Aim of the task: Copy out exactly, from the entries that follow, the line holding "Prokopim.depok.go.id – Pemerintah", the line holding "除了身体磨砂膏,二合一纯净脸", and all lines between them, but no pictures.

++++++++

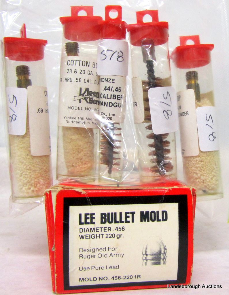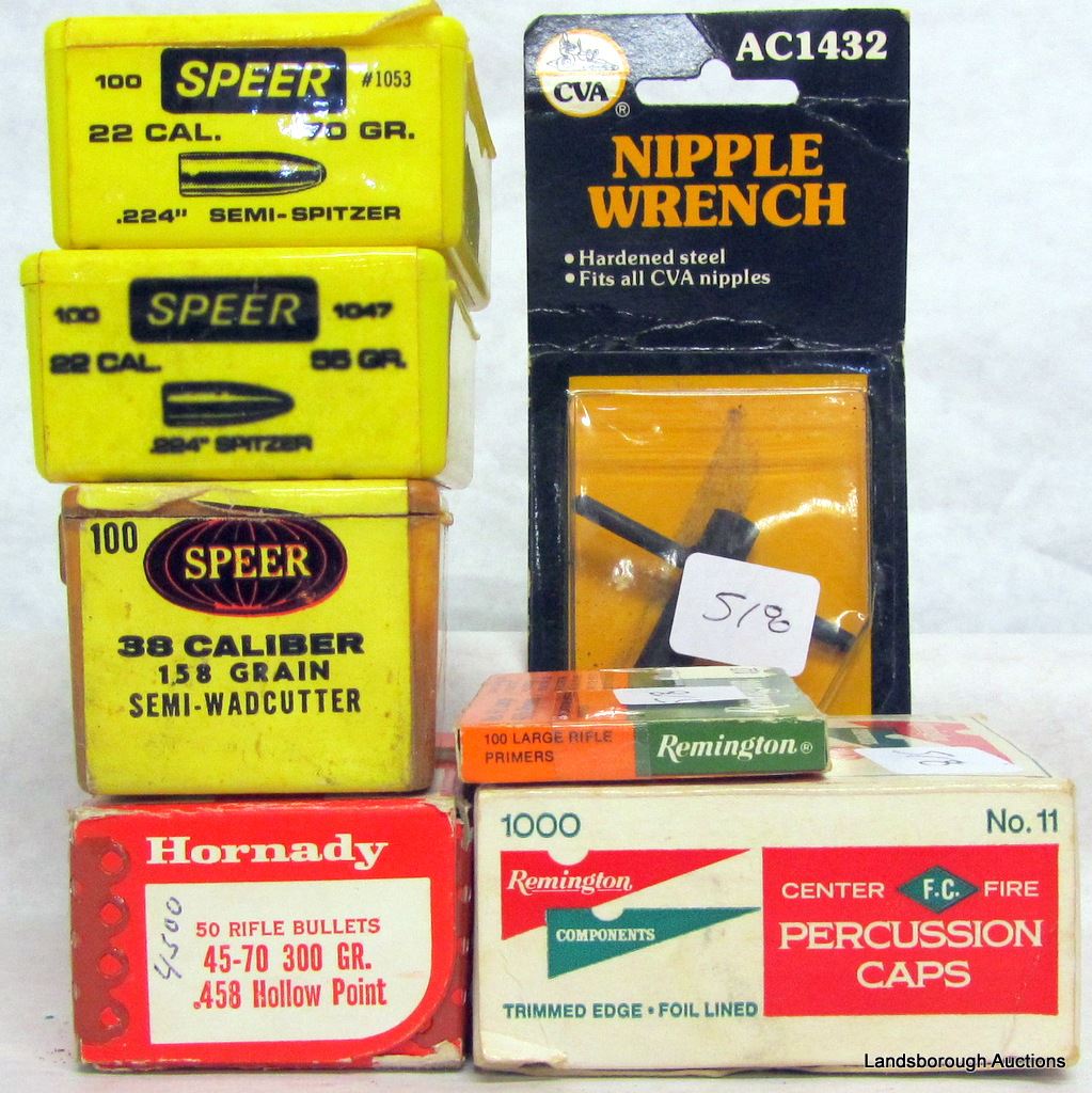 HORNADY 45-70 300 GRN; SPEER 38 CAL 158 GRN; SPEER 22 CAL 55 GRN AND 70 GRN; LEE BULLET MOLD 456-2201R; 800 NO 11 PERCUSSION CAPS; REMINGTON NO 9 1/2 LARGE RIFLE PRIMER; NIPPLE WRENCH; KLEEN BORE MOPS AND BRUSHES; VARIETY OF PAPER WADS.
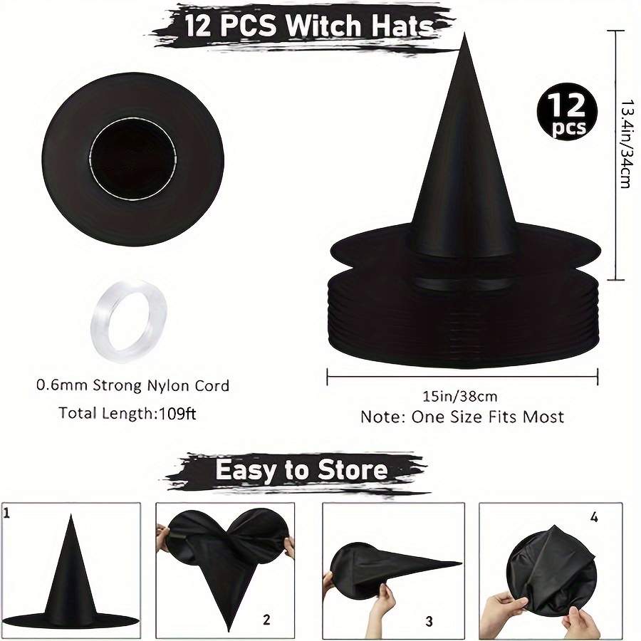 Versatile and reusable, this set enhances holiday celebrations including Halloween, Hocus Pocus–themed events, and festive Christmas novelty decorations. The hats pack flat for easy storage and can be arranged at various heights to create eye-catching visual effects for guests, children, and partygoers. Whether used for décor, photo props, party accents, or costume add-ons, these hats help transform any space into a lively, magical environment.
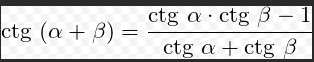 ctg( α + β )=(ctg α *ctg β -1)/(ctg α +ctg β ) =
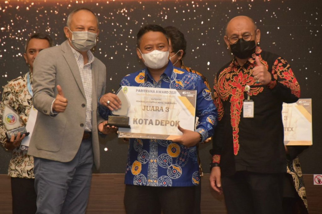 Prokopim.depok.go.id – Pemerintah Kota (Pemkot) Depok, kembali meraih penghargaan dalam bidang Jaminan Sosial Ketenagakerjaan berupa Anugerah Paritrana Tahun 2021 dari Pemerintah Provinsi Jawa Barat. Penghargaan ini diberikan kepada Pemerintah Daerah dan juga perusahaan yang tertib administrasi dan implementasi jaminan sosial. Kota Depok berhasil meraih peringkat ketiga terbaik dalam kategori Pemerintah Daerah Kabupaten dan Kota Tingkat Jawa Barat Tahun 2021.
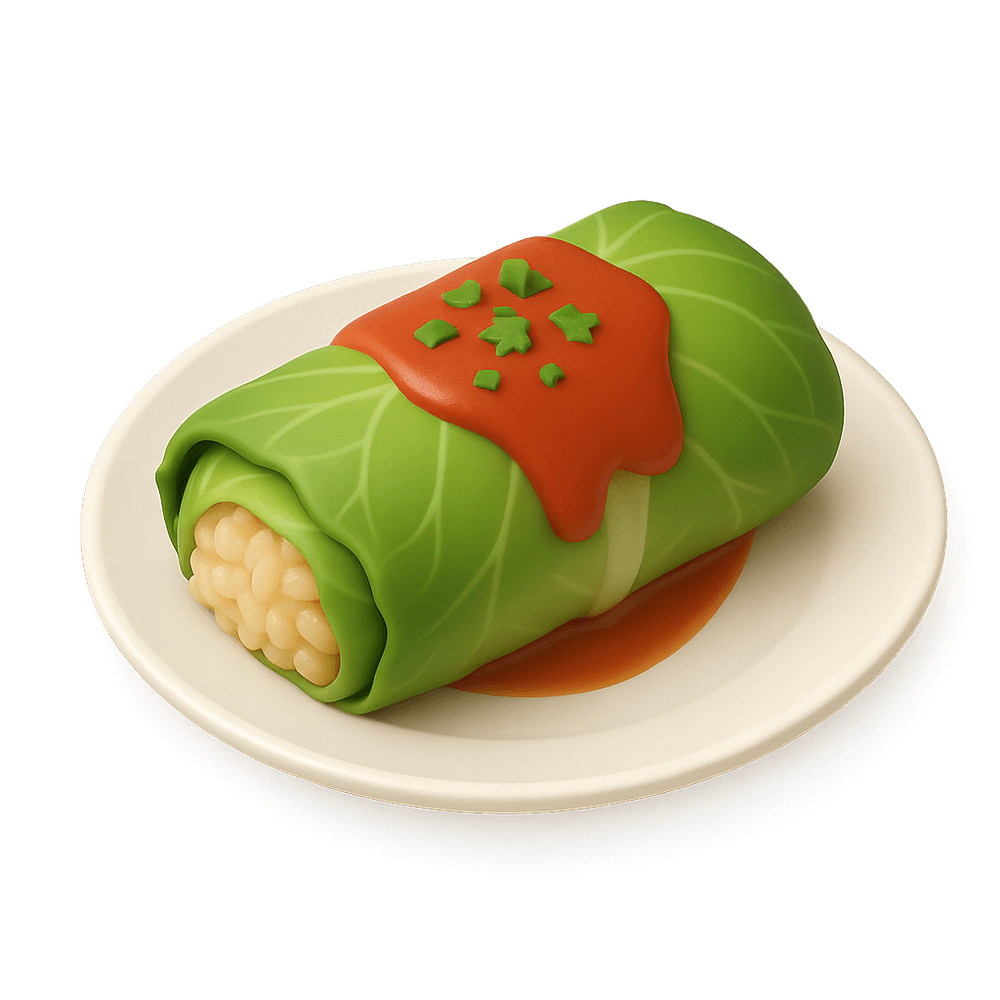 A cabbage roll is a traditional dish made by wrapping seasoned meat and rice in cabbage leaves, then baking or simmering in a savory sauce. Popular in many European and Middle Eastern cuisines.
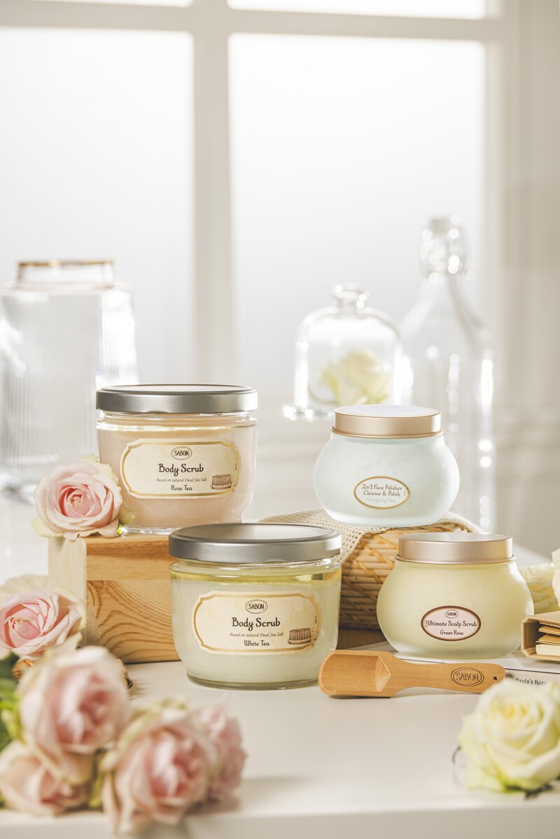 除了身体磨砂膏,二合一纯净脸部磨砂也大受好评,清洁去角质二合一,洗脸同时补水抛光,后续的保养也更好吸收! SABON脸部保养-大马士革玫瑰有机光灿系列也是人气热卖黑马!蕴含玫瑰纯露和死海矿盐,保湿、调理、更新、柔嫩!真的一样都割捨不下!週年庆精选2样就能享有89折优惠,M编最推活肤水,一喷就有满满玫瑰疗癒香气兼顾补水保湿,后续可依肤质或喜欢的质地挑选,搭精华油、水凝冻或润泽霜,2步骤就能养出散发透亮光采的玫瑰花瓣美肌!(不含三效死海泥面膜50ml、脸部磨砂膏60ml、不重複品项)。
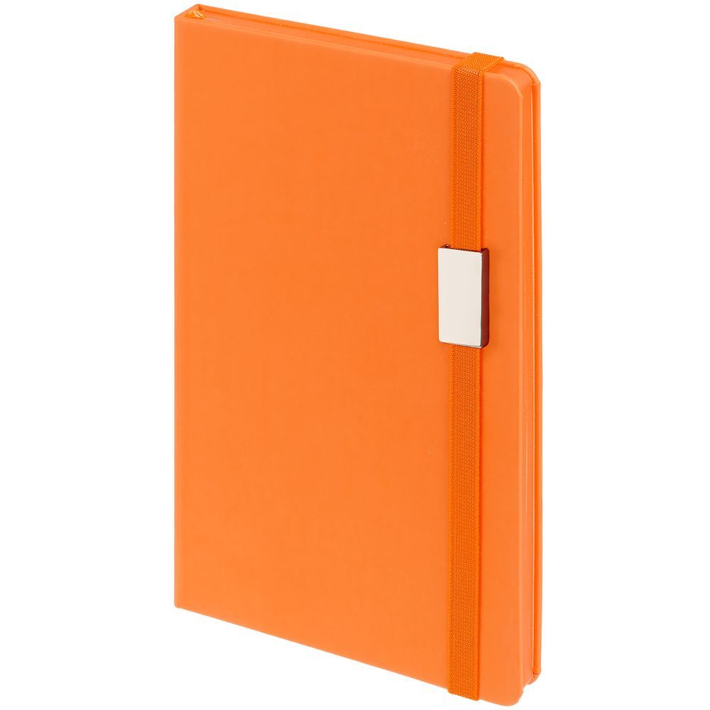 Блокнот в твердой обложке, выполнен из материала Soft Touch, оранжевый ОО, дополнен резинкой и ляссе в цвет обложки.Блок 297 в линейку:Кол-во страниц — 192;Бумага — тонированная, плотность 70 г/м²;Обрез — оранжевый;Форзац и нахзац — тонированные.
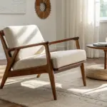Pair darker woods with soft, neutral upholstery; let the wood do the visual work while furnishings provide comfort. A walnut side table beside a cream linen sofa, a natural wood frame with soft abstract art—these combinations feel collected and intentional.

++++++++

Written response:
 Prokopim.depok.go.id – Pemerintah Kota (Pemkot) Depok, kembali meraih penghargaan dalam bidang Jaminan Sosial Ketenagakerjaan berupa Anugerah Paritrana Tahun 2021 dari Pemerintah Provinsi Jawa Barat. Penghargaan ini diberikan kepada Pemerintah Daerah dan juga perusahaan yang tertib administrasi dan implementasi jaminan sosial. Kota Depok berhasil meraih peringkat ketiga terbaik dalam kategori Pemerintah Daerah Kabupaten dan Kota Tingkat Jawa Barat Tahun 2021.
 A cabbage roll is a traditional dish made by wrapping seasoned meat and rice in cabbage leaves, then baking or simmering in a savory sauce. Popular in many European and Middle Eastern cuisines.
 除了身体磨砂膏,二合一纯净脸部磨砂也大受好评,清洁去角质二合一,洗脸同时补水抛光,后续的保养也更好吸收! SABON脸部保养-大马士革玫瑰有机光灿系列也是人气热卖黑马!蕴含玫瑰纯露和死海矿盐,保湿、调理、更新、柔嫩!真的一样都割捨不下!週年庆精选2样就能享有89折优惠,M编最推活肤水,一喷就有满满玫瑰疗癒香气兼顾补水保湿,后续可依肤质或喜欢的质地挑选,搭精华油、水凝冻或润泽霜,2步骤就能养出散发透亮光采的玫瑰花瓣美肌!(不含三效死海泥面膜50ml、脸部磨砂膏60ml、不重複品项)。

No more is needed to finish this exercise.